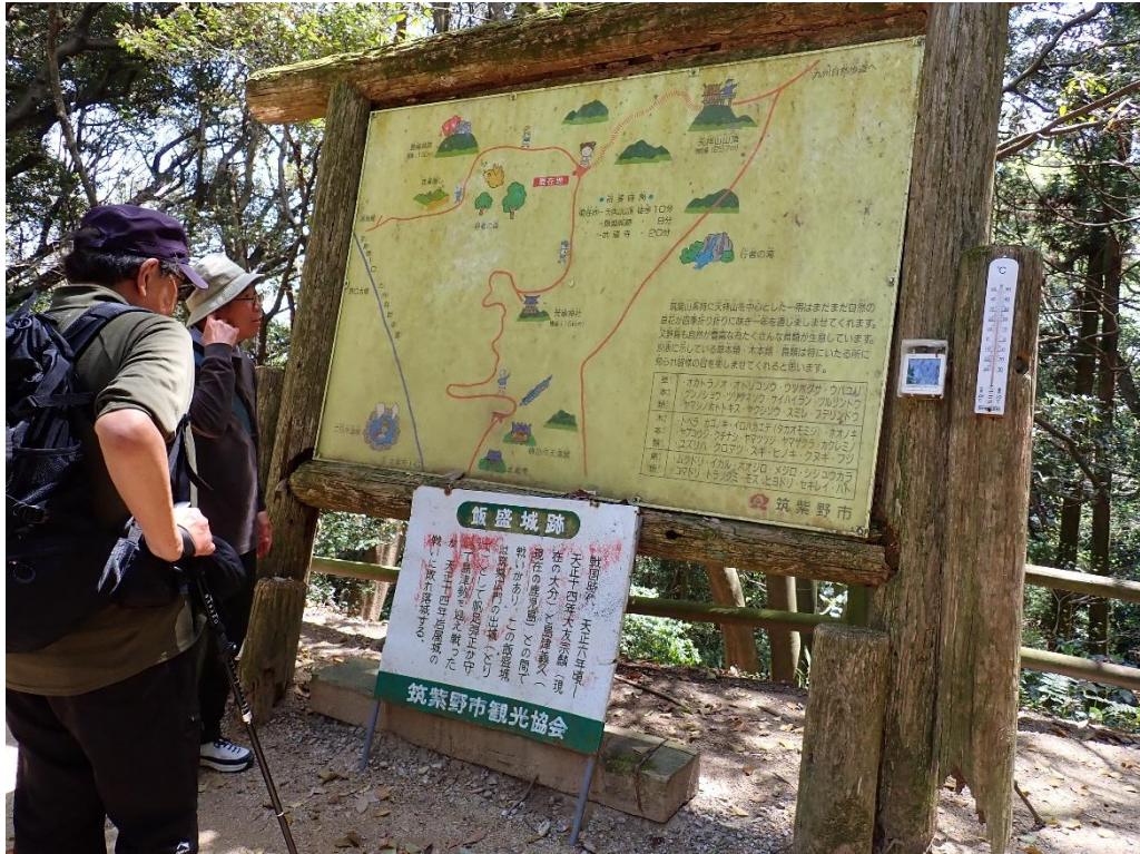
八合目分岐 11:28 この分岐から飯盛城跡を目指す！
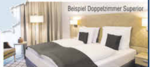
Beispiel Doppelzimmer Superior
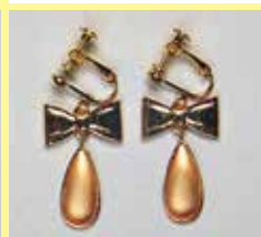
523 しずく型 8 × 18mm ゴールド ¥ 660 ¥ 600
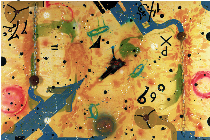
Rammellzee, The Bands of Steel with the naked eye, mixed media, 200x300, 1985

Hadden de graffitikunstenaars niet het recht hun toekomst in eigen handen te nemen, de 'bands of steel' te ont-ketenen, hadden zij niet het recht hun naam te schrijven, " Here I'AM.....". Wanneer ontstond eerder in de kunstgeschiedenis van zo onderop een totaal kunst met muziek, dans en beeldende kunst ineen.....veelal zonder academische meestergraad. Natuurlijk was dat onverdraagbaar voor de heren op het pluche. De Ali's, Kadaffi's denderen naar beneden en beneden wordt BOVEN. En zie de jeugd laat zich niet meer bedotten, miljoenen werden aangestoken door het fenomeen graffiti.
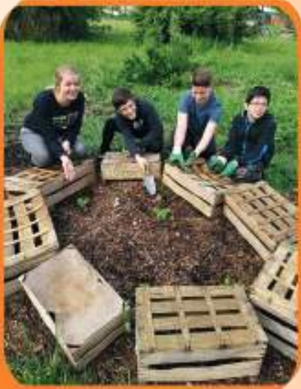
Découverte du développement durable en SEGPA
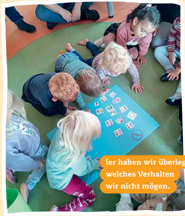
hier haben wir überlegt, welches Verhalten wir nicht mögen.

Hallo liebe Freunde! Heute möchten wir euch etwas ganz Wichtiges erzählen: unsere Kinderrechte! Wir, die Kinder der AWO Kita Steinbach, haben viele Rechte, die uns helfen, glücklich und sicher zu sein. Wir können unsere Rechte jeden Tag leben! Wenn wir spielen, lernen und unsere Meinung sagen, zeigen wir, dass wir unsere Rechte kennen. Außerdem können wir unseren Freunden helfen, ihre Rechte zu verstehen. Kinderrechte sind wichtig für uns alle! Lasst uns dafür sorgen, dass jedes Kind in unserem Kindergarten und auf der ganzen Welt glücklich und sicher ist. Gemeinsam können wir viel erreichen! Lasst uns gemeinsam entdecken, was das bedeutet!
============
**Exercise instructions:** In your answer, repeat all the entries exactly, but leave out the pictures.

**Task output:**
八合目分岐 11:28 この分岐から飯盛城跡を目指す！
Beispiel Doppelzimmer Superior
523 しずく型 8 × 18mm ゴールド ¥ 660 ¥ 600
Rammellzee, The Bands of Steel with the naked eye, mixed media, 200x300, 1985

Hadden de graffitikunstenaars niet het recht hun toekomst in eigen handen te nemen, de 'bands of steel' te ont-ketenen, hadden zij niet het recht hun naam te schrijven, " Here I'AM.....". Wanneer ontstond eerder in de kunstgeschiedenis van zo onderop een totaal kunst met muziek, dans en beeldende kunst ineen.....veelal zonder academische meestergraad. Natuurlijk was dat onverdraagbaar voor de heren op het pluche. De Ali's, Kadaffi's denderen naar beneden en beneden wordt BOVEN. En zie de jeugd laat zich niet meer bedotten, miljoenen werden aangestoken door het fenomeen graffiti.
Découverte du développement durable en SEGPA
hier haben wir überlegt, welches Verhalten wir nicht mögen.

Hallo liebe Freunde! Heute möchten wir euch etwas ganz Wichtiges erzählen: unsere Kinderrechte! Wir, die Kinder der AWO Kita Steinbach, haben viele Rechte, die uns helfen, glücklich und sicher zu sein. Wir können unsere Rechte jeden Tag leben! Wenn wir spielen, lernen und unsere Meinung sagen, zeigen wir, dass wir unsere Rechte kennen. Außerdem können wir unseren Freunden helfen, ihre Rechte zu verstehen. Kinderrechte sind wichtig für uns alle! Lasst uns dafür sorgen, dass jedes Kind in unserem Kindergarten und auf der ganzen Welt glücklich und sicher ist. Gemeinsam können wir viel erreichen! Lasst uns gemeinsam entdecken, was das bedeutet!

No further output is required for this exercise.